[Dataset content Boundary: Start]
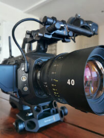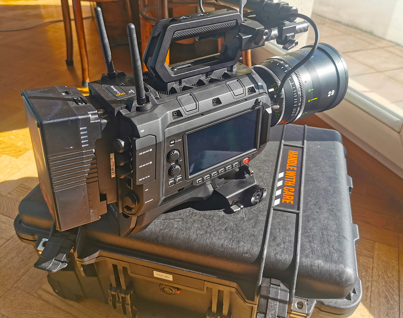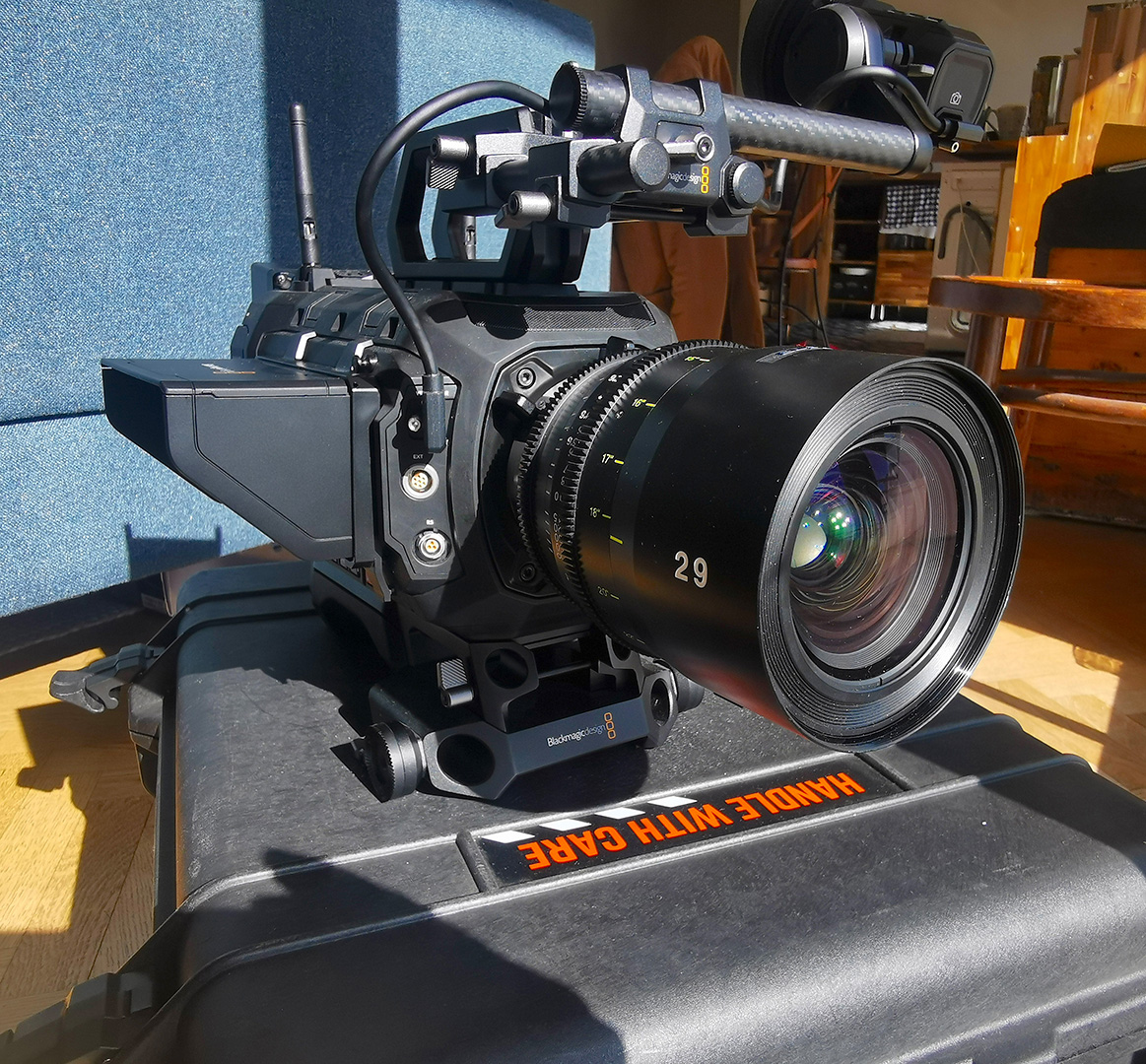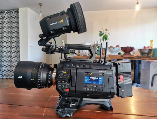 L’Ursa Cine 12K que nous avons testée était en configuration complète livrée en flight case avec le visualiseur OLED Ursa viewfinder et le support épaulière, bienvenu pour supporter le poids honorable de la caméra et de ses accessoires. Trois très belles optiques 29, 40 et 85 mm LF Tokina Vista en monture PL complétaient le kit.
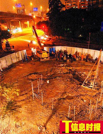 附近工人告訴記者,事故發(fā)生在下午6時(shí)左右,之前已經(jīng)灌漿填補(bǔ)的位置突然再次下陷,深度約30厘米,而且中間位置還出現(xiàn)手掌寬的一道裂紋,好在當(dāng)時(shí)工地內(nèi)并沒(méi)有出現(xiàn)意外,施工部門(mén)立即著手搶險(xiǎn)施工。
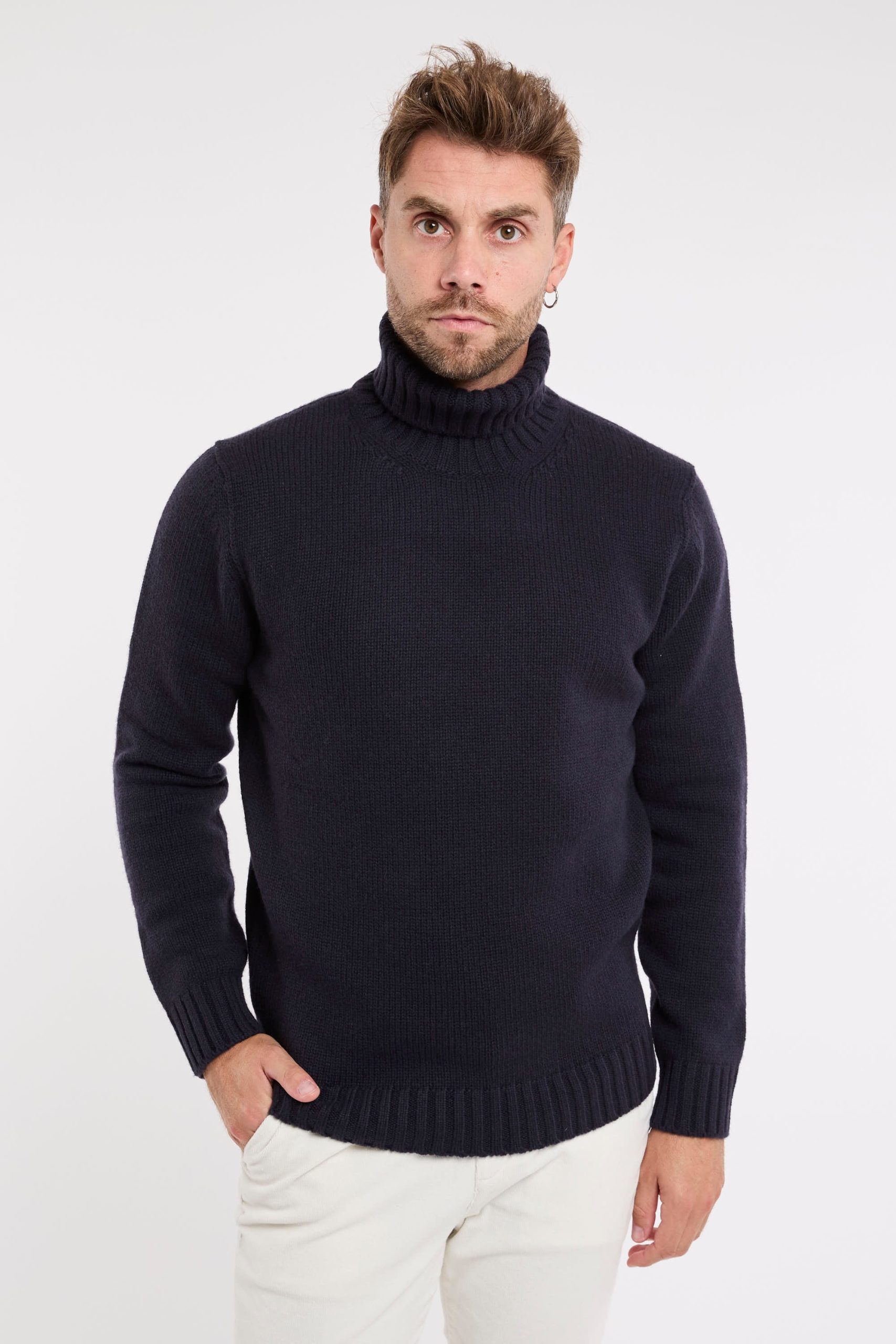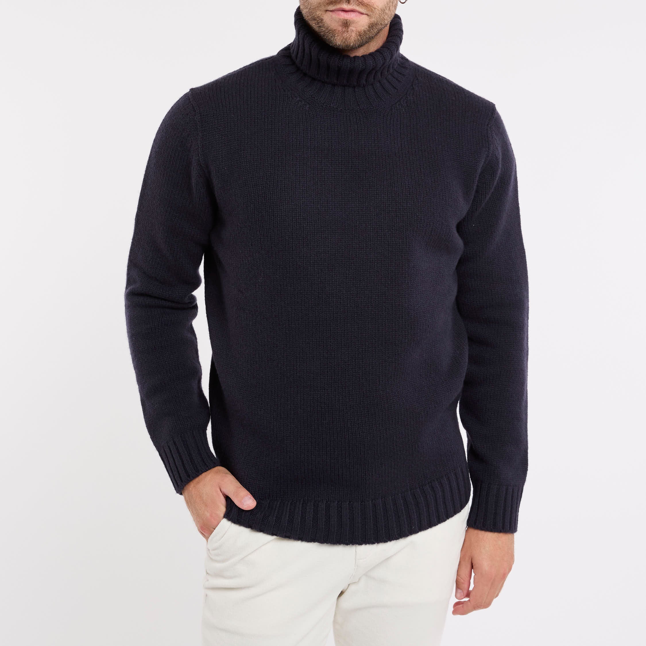 Maglia in lana; Collo Alto; Maniche lunghe; Polsini e fondo a costine; Made in Italy; Composizione: 100% Lana
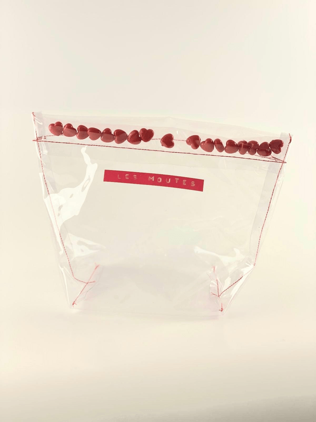 Offre à tes essentiels un écrin qui fait battre le cœur ! Cette pochette transparente, ornée de liserés en perles en cœur et d’une couture rouge éclatante, marie style et fonctionnalité. Que ce soit pour tes cosmétiques ou tes petits trésors, chaque objet y trouve sa place avec une touche d’amour.
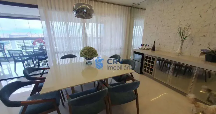 Dispõe de 3 dormitórios, todos suítes , cozinha planejada, 4 wc social, área de serviço, sala dois ambientes e sacada com churrasqueira.
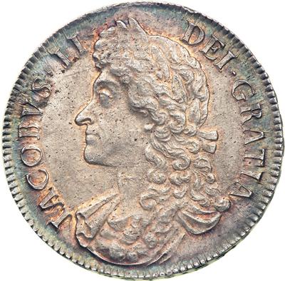 Great Britain. Crown, 1687. S-3407. James II, 1685-1688. Second Bust. Laureate, draped and cuirassed bust left. Reverse: Crowned cruciform arms, Garter star at center. TERTIO edge date. The flan exceptionally nice and the strike better than usual, albeit there is a touch of softness in the king's portrait, more due to die wear rather than strike. Overall, the centers are well defined and the reverse exceptionally sharp. Excellent eye appeal thanks to strong luster and bright amber-gold or pinkish iridescent toning in the recesses, which simply sparkles against the deeper gray fields. NGC graded MS-62.
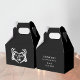 Til death do us part guest favor boxes in black with a skeleton hand and white letters. On the back, you can add a thank you message and personalize it with the Mr. and Mrs. initials, names, surname, and wedding date. For matching designs and an invitation suite please check the collection.
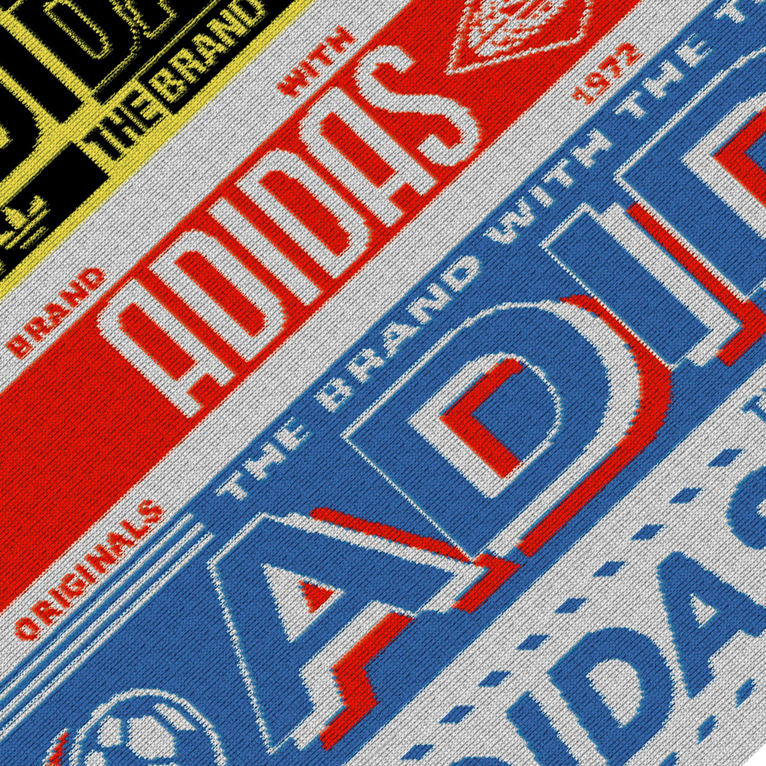 A unique piece of knitwear fabricated with a vibrant assembly of real scarves inspired by Football clubs all around the world. The adidas branding mixes here with the vibrancy of the stadium and its color-clashing “cheap” typography from the Soccer fan clubs. .
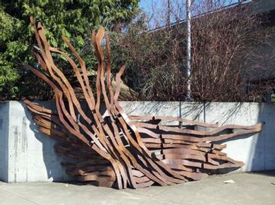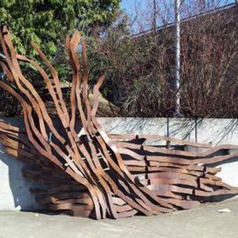 Die Skulptur stellt die geologischen Schichten des Willamette-Flusses vor der Stadtentwicklung Portlands durch Kupferstreifen und Metallartefakte dar.
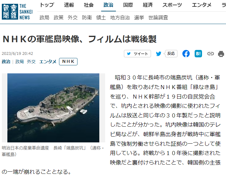 昭和30年に長崎市の端島炭坑(通称・軍艦島)を取りあげたNHK番組「緑なき島」を巡り、NHK幹部が19日の自民党会合で、坑内とされる映像の撮影に使われたフィルムは放送と同じ年の30年製だったと説明したことが分かった。
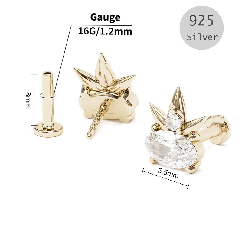 KUNASSHIR 16G Unicorn Cartilage Studs Internally Threaded Labret Piercings 925 Silver Helix Piercing Jewellery Tragus Conch Piercings Flat Back Earring
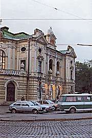 Here's the theater, by evening twilight. It reminded me of an old, ornate Broadway theater. The tickets were an incredible bargain, less than two dollars for us all. But for folks making $40 or $80 a month, it's still quite a bit of change. So it was no surprise that everyone turned out in their best dress. All except me, that is. I came in a black turtleneck, blue jeans, waterproof Timberland boots, and my favorite beat-up leather jacket. Oh well, at least I didn't commit a total faux pas -- the boots were clean!
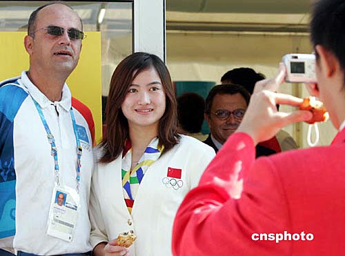 當(dāng)?shù)貢r間八月九日上午,參加雅典奧運會的中國代表團中漂亮的女選手在選手村亮相,當(dāng)?shù)毓ぷ魅藛T爭相與之合影。中新社記者:毛建軍
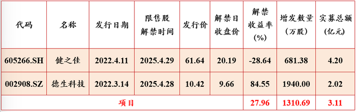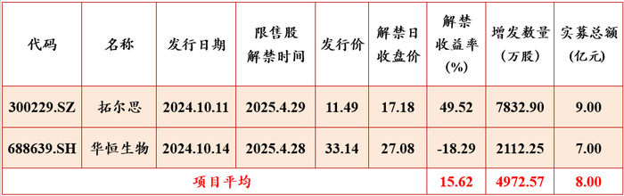 本周共有4家上市公司的定向增发项目到期解禁。其中2家公司的定向增发项目按竞价发行,竞价项目解禁平均收益率为15.62%;2家公司的定向增发项目按定价发行,定价项目解禁平均收益率为27.96%。
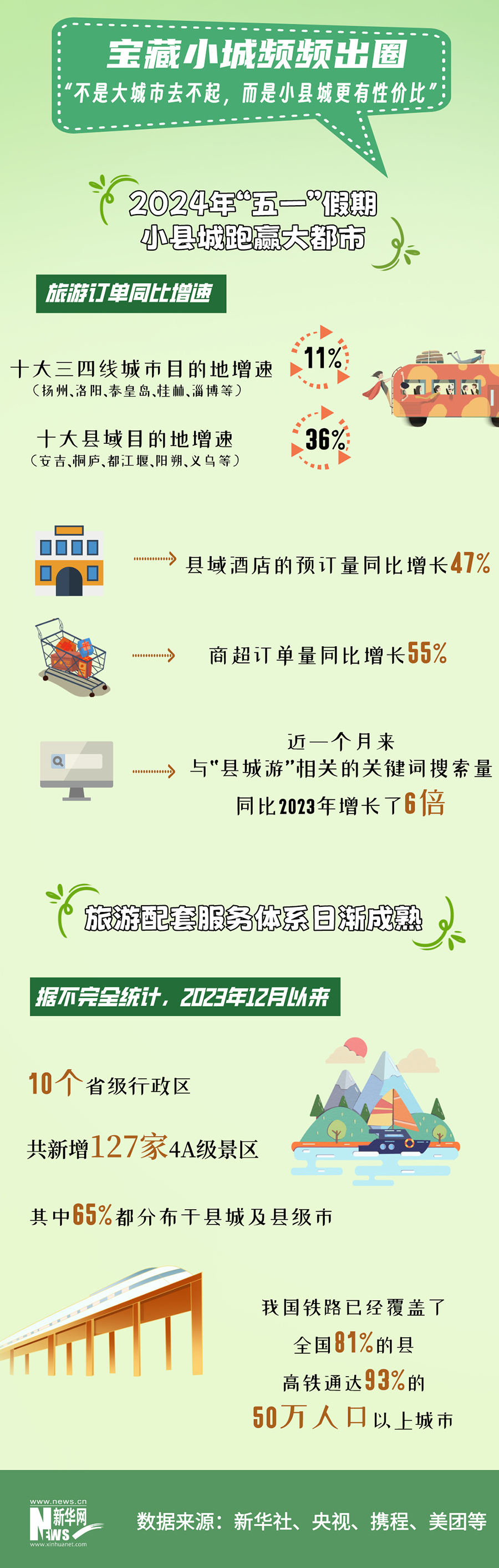 小城故事多。今年“五一”假期,熱門旅游城市和景點雖然依舊“人從眾”,但縣域旅游也展現(xiàn)出了極大的活力。文化和旅游部數(shù)據(jù)中心測算,縣城正在成為出游“新寵”,文旅下沉趨勢明顯。
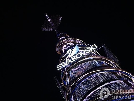 就比如說這顆由施華洛世奇水晶做成的聖誕樹,樹干部分的設計基本上保持一致,只有在樹的頂端附近會有它的Logo.那麼,大家就果斷放棄拍全景,將鏡頭拉近拍攝最重要的地方。
[Dataset content Boundary: End]
__What the task requires__
Repeat the material above in full and unchanged, minus its images.

__Your solution__
 L’Ursa Cine 12K que nous avons testée était en configuration complète livrée en flight case avec le visualiseur OLED Ursa viewfinder et le support épaulière, bienvenu pour supporter le poids honorable de la caméra et de ses accessoires. Trois très belles optiques 29, 40 et 85 mm LF Tokina Vista en monture PL complétaient le kit.
 附近工人告訴記者,事故發(fā)生在下午6時(shí)左右,之前已經(jīng)灌漿填補(bǔ)的位置突然再次下陷,深度約30厘米,而且中間位置還出現(xiàn)手掌寬的一道裂紋,好在當(dāng)時(shí)工地內(nèi)并沒(méi)有出現(xiàn)意外,施工部門(mén)立即著手搶險(xiǎn)施工。
 Maglia in lana; Collo Alto; Maniche lunghe; Polsini e fondo a costine; Made in Italy; Composizione: 100% Lana
 Offre à tes essentiels un écrin qui fait battre le cœur ! Cette pochette transparente, ornée de liserés en perles en cœur et d’une couture rouge éclatante, marie style et fonctionnalité. Que ce soit pour tes cosmétiques ou tes petits trésors, chaque objet y trouve sa place avec une touche d’amour.
 Dispõe de 3 dormitórios, todos suítes , cozinha planejada, 4 wc social, área de serviço, sala dois ambientes e sacada com churrasqueira.
 Great Britain. Crown, 1687. S-3407. James II, 1685-1688. Second Bust. Laureate, draped and cuirassed bust left. Reverse: Crowned cruciform arms, Garter star at center. TERTIO edge date. The flan exceptionally nice and the strike better than usual, albeit there is a touch of softness in the king's portrait, more due to die wear rather than strike. Overall, the centers are well defined and the reverse exceptionally sharp. Excellent eye appeal thanks to strong luster and bright amber-gold or pinkish iridescent toning in the recesses, which simply sparkles against the deeper gray fields. NGC graded MS-62.
 Til death do us part guest favor boxes in black with a skeleton hand and white letters. On the back, you can add a thank you message and personalize it with the Mr. and Mrs. initials, names, surname, and wedding date. For matching designs and an invitation suite please check the collection.
 A unique piece of knitwear fabricated with a vibrant assembly of real scarves inspired by Football clubs all around the world. The adidas branding mixes here with the vibrancy of the stadium and its color-clashing “cheap” typography from the Soccer fan clubs. .
 Die Skulptur stellt die geologischen Schichten des Willamette-Flusses vor der Stadtentwicklung Portlands durch Kupferstreifen und Metallartefakte dar.
 昭和30年に長崎市の端島炭坑(通称・軍艦島)を取りあげたNHK番組「緑なき島」を巡り、NHK幹部が19日の自民党会合で、坑内とされる映像の撮影に使われたフィルムは放送と同じ年の30年製だったと説明したことが分かった。
 KUNASSHIR 16G Unicorn Cartilage Studs Internally Threaded Labret Piercings 925 Silver Helix Piercing Jewellery Tragus Conch Piercings Flat Back Earring
 Here's the theater, by evening twilight. It reminded me of an old, ornate Broadway theater. The tickets were an incredible bargain, less than two dollars for us all. But for folks making $40 or $80 a month, it's still quite a bit of change. So it was no surprise that everyone turned out in their best dress. All except me, that is. I came in a black turtleneck, blue jeans, waterproof Timberland boots, and my favorite beat-up leather jacket. Oh well, at least I didn't commit a total faux pas -- the boots were clean!
 當(dāng)?shù)貢r間八月九日上午,參加雅典奧運會的中國代表團中漂亮的女選手在選手村亮相,當(dāng)?shù)毓ぷ魅藛T爭相與之合影。中新社記者:毛建軍
 本周共有4家上市公司的定向增发项目到期解禁。其中2家公司的定向增发项目按竞价发行,竞价项目解禁平均收益率为15.62%;2家公司的定向增发项目按定价发行,定价项目解禁平均收益率为27.96%。
 小城故事多。今年“五一”假期,熱門旅游城市和景點雖然依舊“人從眾”,但縣域旅游也展現(xiàn)出了極大的活力。文化和旅游部數(shù)據(jù)中心測算,縣城正在成為出游“新寵”,文旅下沉趨勢明顯。
 就比如說這顆由施華洛世奇水晶做成的聖誕樹,樹干部分的設計基本上保持一致,只有在樹的頂端附近會有它的Logo.那麼,大家就果斷放棄拍全景,將鏡頭拉近拍攝最重要的地方。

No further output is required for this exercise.